Stored dataset items
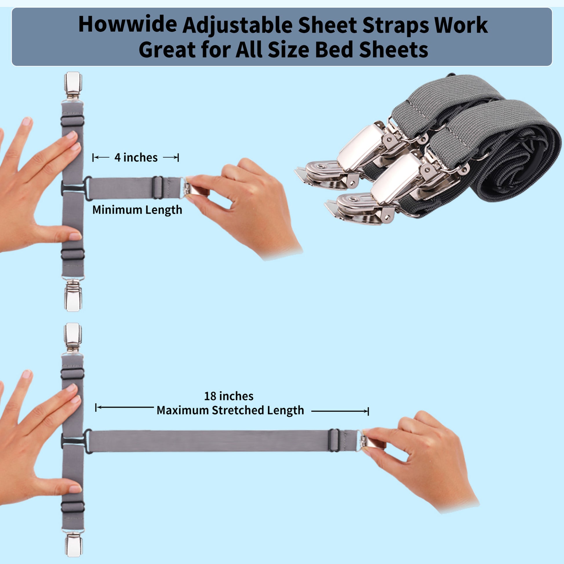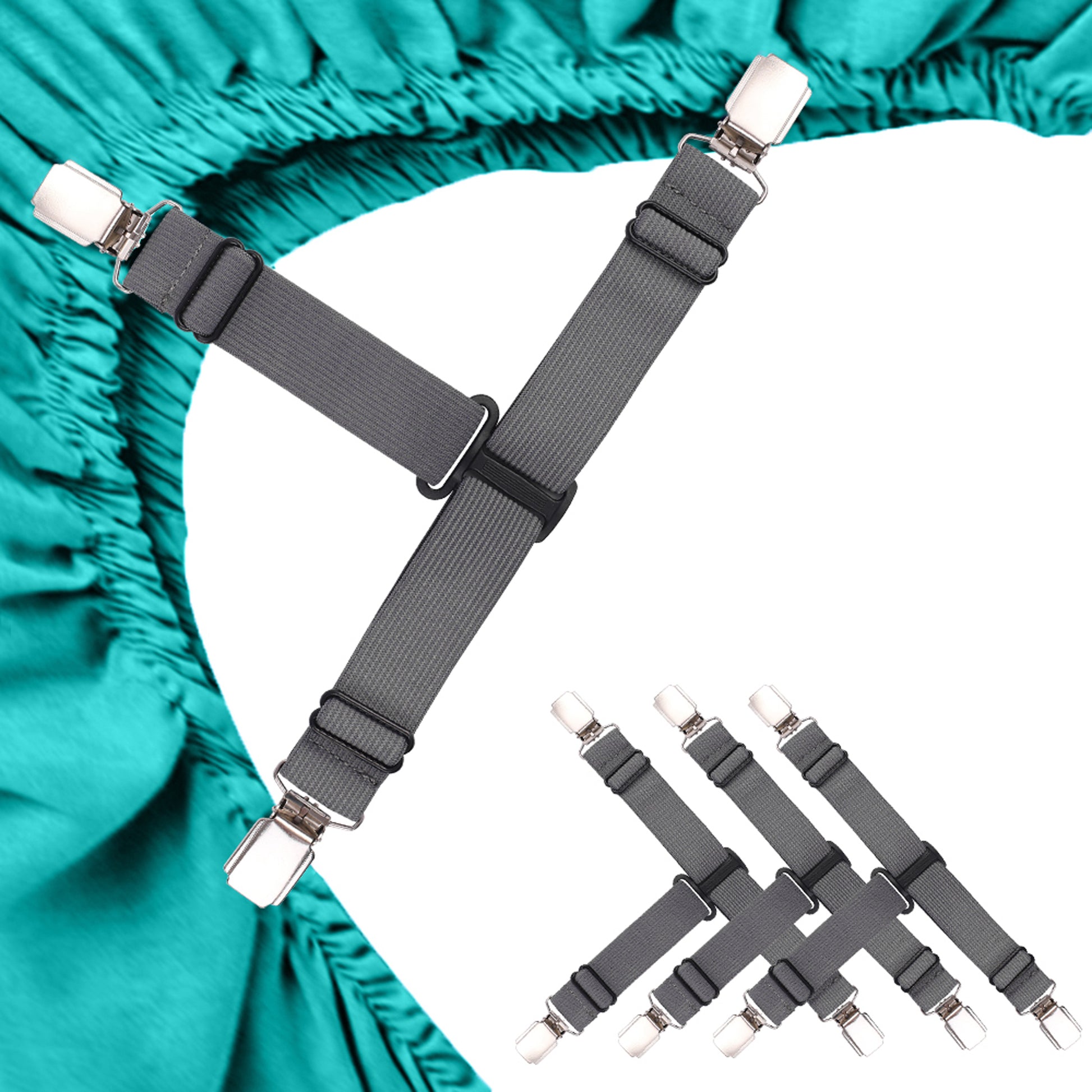 Howwide Bed Sheet Straps Fitted Sheet Holders for Corners 4 Pieces Grey
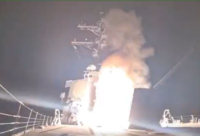 A video posted by the Pentagon showed at least one projectile launched from a warship. A US defence official said the strike targeted multiple militants at known ISIS camps.
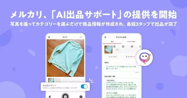 メルカリ、「AI出品サポート」提供開始AI出品サポートでは、出品時に商品の写真を撮影またはアップロードし、カテゴリーを選択するだけで、商品説明、商品の状態、販売価格といった必要な情報が自動で入力されるという。
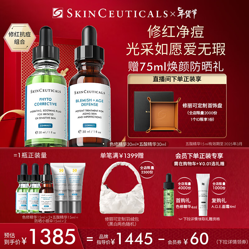 修丽可色修精华30ml+五酸30ml套装 护肤品水杨酸舒缓控油新年情人节礼物价格:1445.00元!
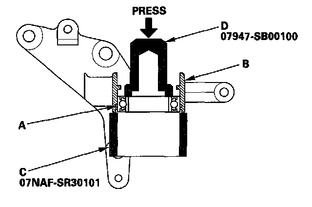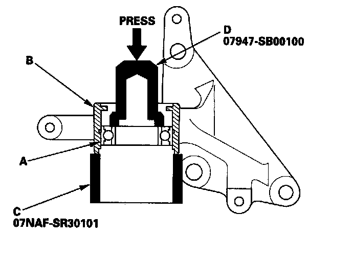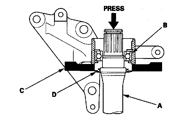 5. Press the intermediate shaft bearing (A) out of the bearing support (B) using the half shaft base (C), oil seal driver (D), and a press.
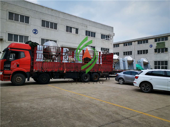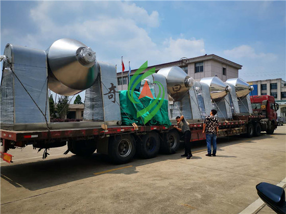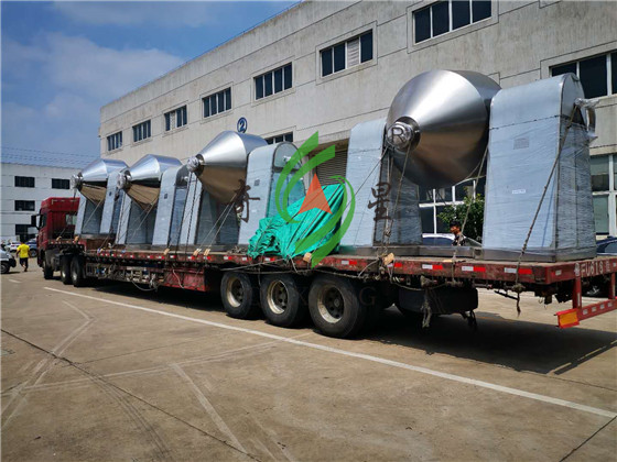 近日,我公司在山东的某客户单位在我司订购的六台双锥回转真空干燥机已装车完毕,完成发货。SZG双锥真空干燥机采用皮带-链条两弹性联接方式,因而设备运行平稳。其热媒介质从高温导热油到中温蒸汽以及低温热水一应俱全。干燥粘性物料时,将在罐内设计“抄板”机构或设置滚珠。
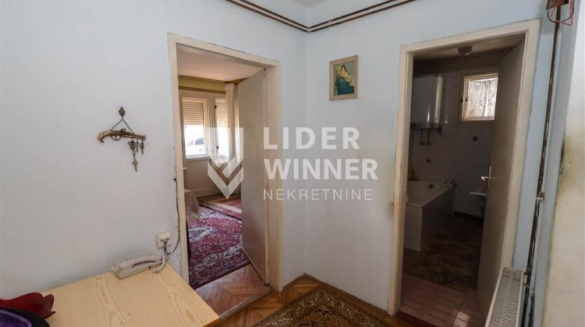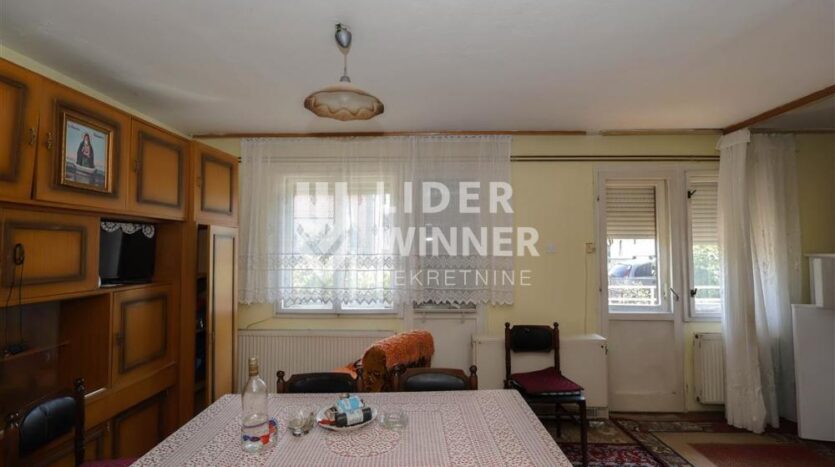 Vertikala kuće sa dva odvojena stana. Jedan u prizemlju, drugi na prvom spratu, iznad je još jedan sprat. Iza kuće ima 0.5ari placa. Garaža. Potrebna su ulaganja, u blizini prevoza glavne ulice, marketa. Može kredit.
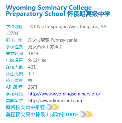 怀俄明高中Wyoming Seminary建于1844年,是美国著名的百年贵族名校,也是美国东北部最古老的中学及大学预科学校。学校注重教学质量,自创建以来一直以“教学严谨、管理严格”著称,55%的毕业生考取并就读于美国著名大学。完成学业的同时,学生可通过学校活泼的教学,了解及欣赏艺术、音乐、科学及文学,让学生学会独立自主、有责任心、学会合作、互相照顾、关心世界及尊重他人。学校位于宾西法尼亚州的东北部,是一个男女合校兼有走读和寄宿的大学预科学校。在这里,学生和老师勇于挑战自我的对方,来实现学术和人生目标。
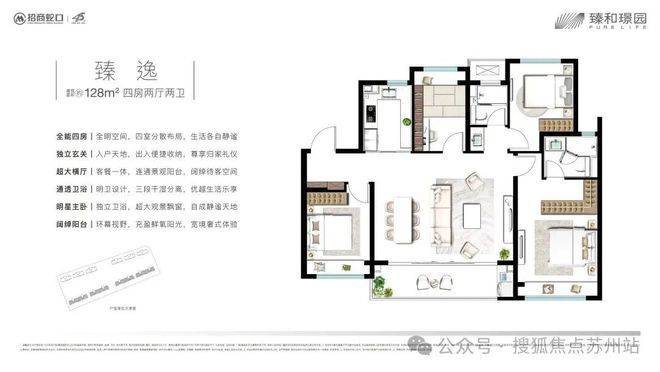 招商蛇口洞见时代改善需求大势,从精研空间格局、划定精装标准、深化场景营造,到回归人本需求,从1.0到4.0始终关注生活,于社区内规划7处游心园境与5处共享场域;于空间内展开宽厅生活、甄选品质精装,敬献128-143㎡纯粹洋房,为园区高净值人群构筑国际视野的臻我生活。

WHAT THE TASK ASKS ▸
Go through the entries and retype each one exactly, skipping any image.

ANSWER BELOW ▸
 Howwide Bed Sheet Straps Fitted Sheet Holders for Corners 4 Pieces Grey
 A video posted by the Pentagon showed at least one projectile launched from a warship. A US defence official said the strike targeted multiple militants at known ISIS camps.
 メルカリ、「AI出品サポート」提供開始AI出品サポートでは、出品時に商品の写真を撮影またはアップロードし、カテゴリーを選択するだけで、商品説明、商品の状態、販売価格といった必要な情報が自動で入力されるという。
 修丽可色修精华30ml+五酸30ml套装 护肤品水杨酸舒缓控油新年情人节礼物价格:1445.00元!
 5. Press the intermediate shaft bearing (A) out of the bearing support (B) using the half shaft base (C), oil seal driver (D), and a press.
 近日,我公司在山东的某客户单位在我司订购的六台双锥回转真空干燥机已装车完毕,完成发货。SZG双锥真空干燥机采用皮带-链条两弹性联接方式,因而设备运行平稳。其热媒介质从高温导热油到中温蒸汽以及低温热水一应俱全。干燥粘性物料时,将在罐内设计“抄板”机构或设置滚珠。
 Vertikala kuće sa dva odvojena stana. Jedan u prizemlju, drugi na prvom spratu, iznad je još jedan sprat. Iza kuće ima 0.5ari placa. Garaža. Potrebna su ulaganja, u blizini prevoza glavne ulice, marketa. Može kredit.
 怀俄明高中Wyoming Seminary建于1844年,是美国著名的百年贵族名校,也是美国东北部最古老的中学及大学预科学校。学校注重教学质量,自创建以来一直以“教学严谨、管理严格”著称,55%的毕业生考取并就读于美国著名大学。完成学业的同时,学生可通过学校活泼的教学,了解及欣赏艺术、音乐、科学及文学,让学生学会独立自主、有责任心、学会合作、互相照顾、关心世界及尊重他人。学校位于宾西法尼亚州的东北部,是一个男女合校兼有走读和寄宿的大学预科学校。在这里,学生和老师勇于挑战自我的对方,来实现学术和人生目标。
 招商蛇口洞见时代改善需求大势,从精研空间格局、划定精装标准、深化场景营造,到回归人本需求,从1.0到4.0始终关注生活,于社区内规划7处游心园境与5处共享场域;于空间内展开宽厅生活、甄选品质精装,敬献128-143㎡纯粹洋房,为园区高净值人群构筑国际视野的臻我生活。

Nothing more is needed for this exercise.